=== Data for this exercise ===
== == ==

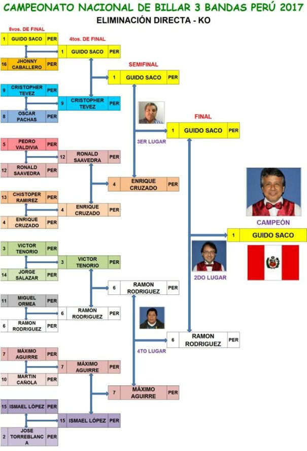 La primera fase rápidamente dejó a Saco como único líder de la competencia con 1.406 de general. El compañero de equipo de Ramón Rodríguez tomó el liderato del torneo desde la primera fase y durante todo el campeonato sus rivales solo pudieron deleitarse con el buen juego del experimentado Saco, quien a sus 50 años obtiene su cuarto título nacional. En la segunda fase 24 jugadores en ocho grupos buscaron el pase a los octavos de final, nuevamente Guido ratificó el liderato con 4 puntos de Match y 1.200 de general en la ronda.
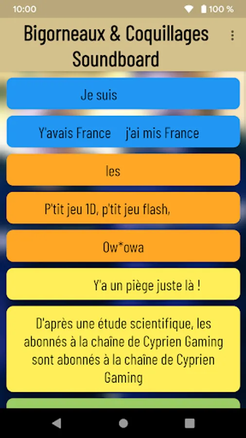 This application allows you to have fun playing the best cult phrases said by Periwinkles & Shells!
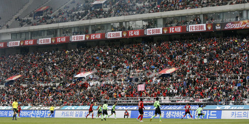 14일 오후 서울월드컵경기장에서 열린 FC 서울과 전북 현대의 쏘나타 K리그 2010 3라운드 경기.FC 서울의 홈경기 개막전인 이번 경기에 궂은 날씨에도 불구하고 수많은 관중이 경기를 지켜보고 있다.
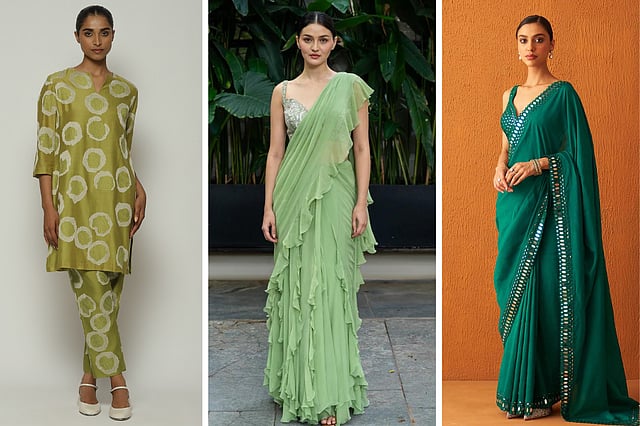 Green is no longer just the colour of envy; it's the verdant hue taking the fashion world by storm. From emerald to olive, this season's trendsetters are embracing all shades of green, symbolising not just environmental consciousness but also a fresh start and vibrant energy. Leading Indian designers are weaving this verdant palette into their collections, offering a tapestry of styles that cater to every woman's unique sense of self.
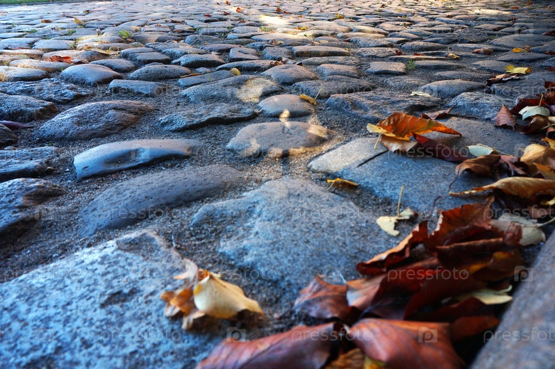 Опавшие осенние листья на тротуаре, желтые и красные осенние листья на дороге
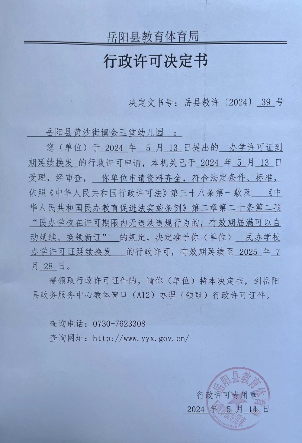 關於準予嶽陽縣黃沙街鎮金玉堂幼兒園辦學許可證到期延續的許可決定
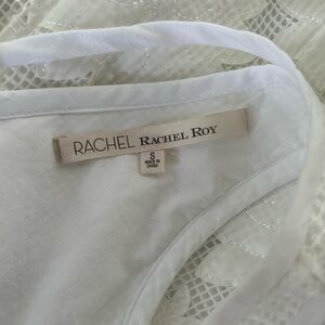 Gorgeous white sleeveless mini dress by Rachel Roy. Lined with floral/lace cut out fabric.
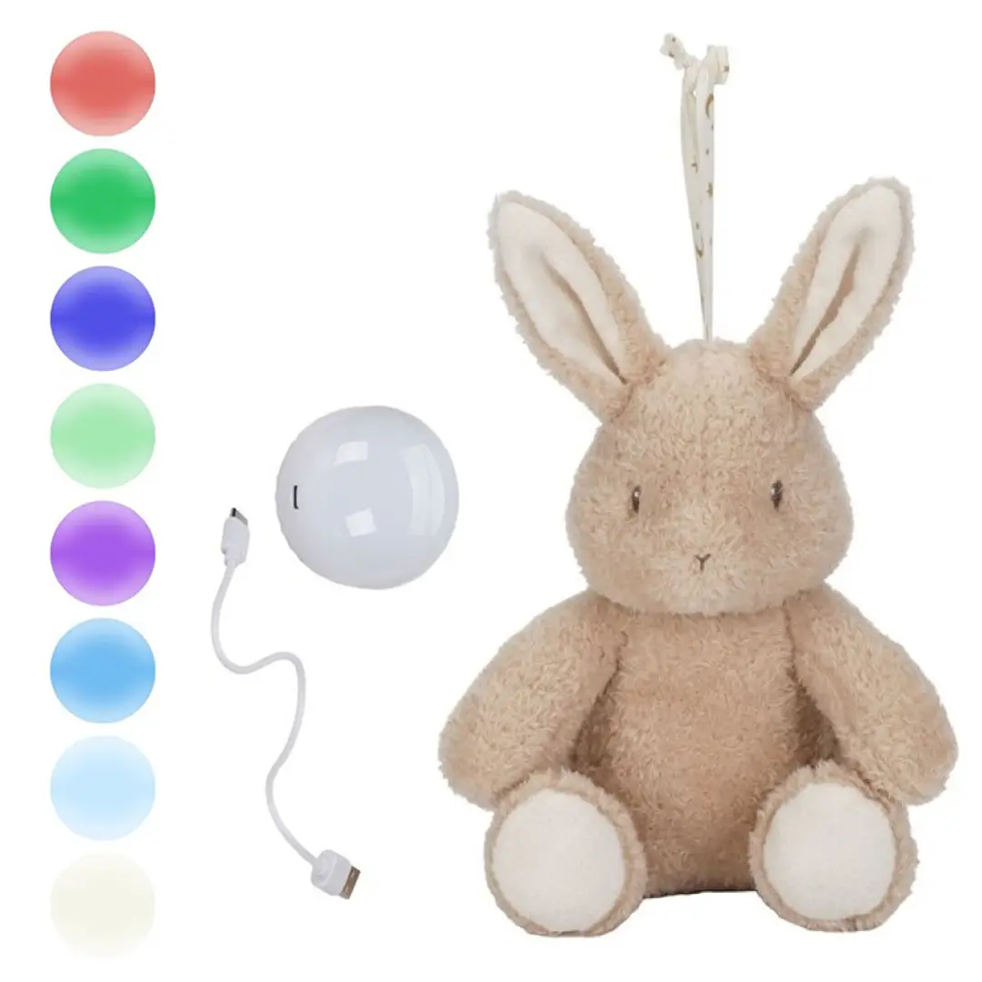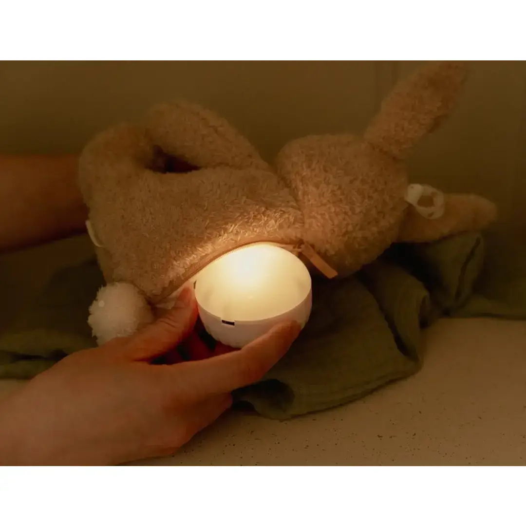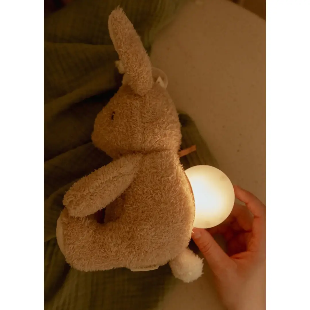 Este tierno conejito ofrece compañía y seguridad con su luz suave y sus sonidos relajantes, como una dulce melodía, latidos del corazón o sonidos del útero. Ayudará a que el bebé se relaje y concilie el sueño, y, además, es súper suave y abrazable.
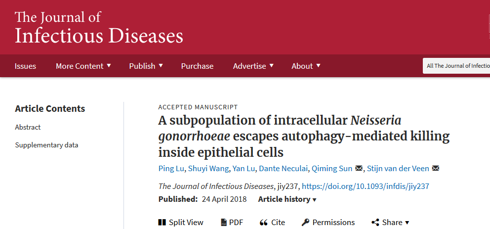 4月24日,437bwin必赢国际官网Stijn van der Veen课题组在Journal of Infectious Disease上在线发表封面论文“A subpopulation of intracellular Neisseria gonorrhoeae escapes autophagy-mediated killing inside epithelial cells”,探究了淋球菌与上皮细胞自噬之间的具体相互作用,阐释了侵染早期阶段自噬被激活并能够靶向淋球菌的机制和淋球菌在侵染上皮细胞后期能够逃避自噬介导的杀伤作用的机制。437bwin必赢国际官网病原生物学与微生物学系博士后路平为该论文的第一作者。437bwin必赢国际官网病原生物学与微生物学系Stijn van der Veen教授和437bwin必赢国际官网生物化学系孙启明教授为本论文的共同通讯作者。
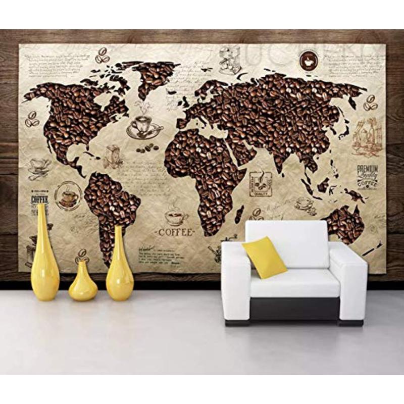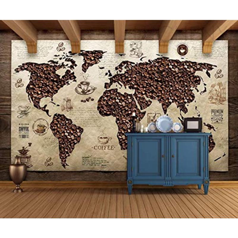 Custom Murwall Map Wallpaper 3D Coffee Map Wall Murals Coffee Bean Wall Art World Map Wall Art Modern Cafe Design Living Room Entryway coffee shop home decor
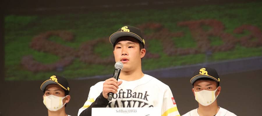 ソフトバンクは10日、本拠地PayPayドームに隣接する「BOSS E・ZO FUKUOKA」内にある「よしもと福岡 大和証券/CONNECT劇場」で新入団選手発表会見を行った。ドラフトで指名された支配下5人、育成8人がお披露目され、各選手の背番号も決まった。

== == ==

=== What the task asks ===
Working from the entries above, reproduce exactly and only the lines beginning with the line that has "關於準予嶽陽縣黃沙街鎮金玉堂幼兒園辦學許可證到期延續的許可決定" and ending with the line that has "Gorgeous white sleeveless"; omit all pictures.

=== Exercise result ===
 關於準予嶽陽縣黃沙街鎮金玉堂幼兒園辦學許可證到期延續的許可決定
 Gorgeous white sleeveless mini dress by Rachel Roy. Lined with floral/lace cut out fabric.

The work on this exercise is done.